The Pain that Plagues Creation

Just yesterday I was listening to an old song (from the eighties) by Mark Heard, called “The Pain that Plagues Creation.” It’s very appropriate for Earth Day.

Mark Heard was what we might call an alternative Christian singer/songwriter, who was not quite in the mainstream. He died young, and Bruce Cockburn wrote and recorded a song about him called “The Strong Hand of Love” for a tribute album.

Here’s a recording of “The Pain that Plagues Creation,” and you can follow along with the lyrics below.

As this planet falls around the sun
Trapping us in the orbit
Creation groans in unison
Like a race of frightened orphans

The darkness of this raging storm
Is covering up our portals
But a yearning for the light is borne
In the heart of every mortal

Day to day we ache
With the pain that plagues creation
Night to night we lie awake
And await its restoration

Heaven knows our lonely ways
Heaven knows our sorrows
And Heaven knows things that we don’t know
And the joy of eternal tomorrows

But through this glass we dimly see
This world as it was made
Oh and the good we know must surely flow
From the heart of a kind Creator

Refrain

So hold on in this restless age
And do not fear your shadow
Your alternating tears and praise
Are prayers that surely will matter

Refrain

Mark Heard, “The Pain that Plagues Creation”
From the 1983 album Eye of the Storm
© 1983 Bug ’n Bear Music

New Earth Day

Yes, there is a pain that plagues creation—both human beings and the earth and its varied lifeforms. But the Bible envisions a great change coming, an end to pain when tears will be wiped away.

In the book of Revelation, John tells us: “Then I saw a new heaven and a new earth” (21:1).

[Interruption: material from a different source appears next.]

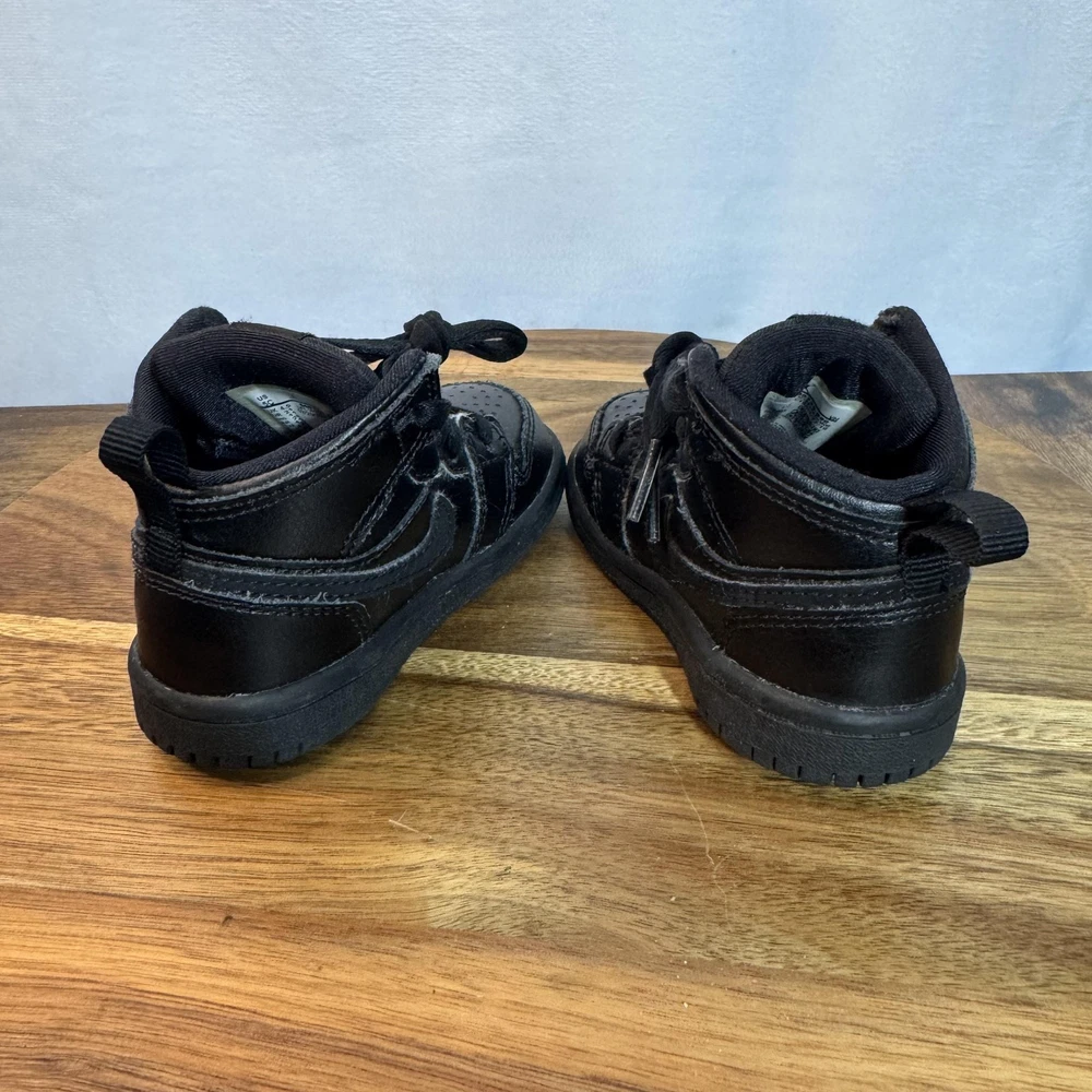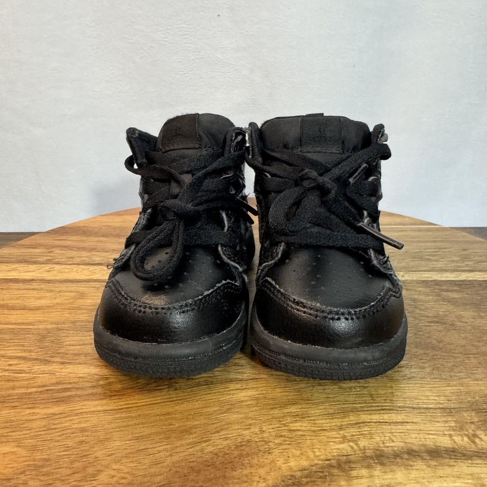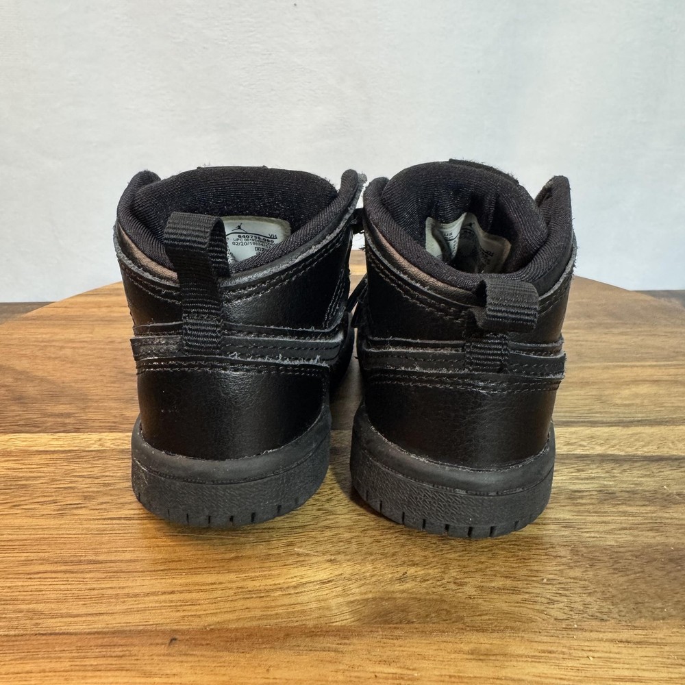 Brand: Jordan (Nike Air Jordan line) Model: Air Jordan 1 Retro High toddler athletic shoes with classic high-top basketball silhouette. Color: All black leather upper with black Swoosh overlays, black Wings logo on collar, black midsole and outsole, and black laces. Gender/Size: Boys Toddler; size on tag: US 5C, UK 4.5, EUR 21, cm 11, BR 20, CN 110(2.5). Style/Model code: 640735-090 (as shown on inner tag). UPC: 00192499700506 (printed near barcode on inner tag). Country of origin: Made in Vietnam; production dates listed as 02/20/19 to 04/17/19 on interior tag. Materials: Leather upper, soft fabric lining, and durable rubber outsole. Details: Lace-up closure for secure fit, padded tongue and collar for comfort, perforated toe box for breathability, pull tab at heel for easy on/off, and solid rubber cupsole with circular traction pattern for grip.

He sees the New Jerusalem (representing the renewed community of believers) descending from heaven, and he hears a voice from the throne declaring God’s permanent dwelling with us on earth, since the curse is removed.

Then comes the amazing announcement: “Behold, I am making all things new” (21:5).

For those (ancient or modern) who know the ruined earth, its hard to take this seriously; so the voice adds: “Write this, for these words are trustworthy and true.”

Since I’m preaching this Sunday at Community of the Savior (my home church), I’m aware that Revelation 21:1-6 is one of the scheduled lectionary readings, along with Acts 11:1-18, Psalm 148, and John 13:31-35.

It isn’t exactly clear how all these texts fit together—and it isn’t every week that those who organized the lectionary intended all four assigned texts to mutually illumine each other.

But in this case I think the lectionary texts fit together remarkably well.

And that’s what I’m going to try and communicate in my sermon for this Fifth Sunday of Easter (a.k.a. Earth Day Sunday).

And for my Jewish readers this Friday afternoon, Shabbat Shalom!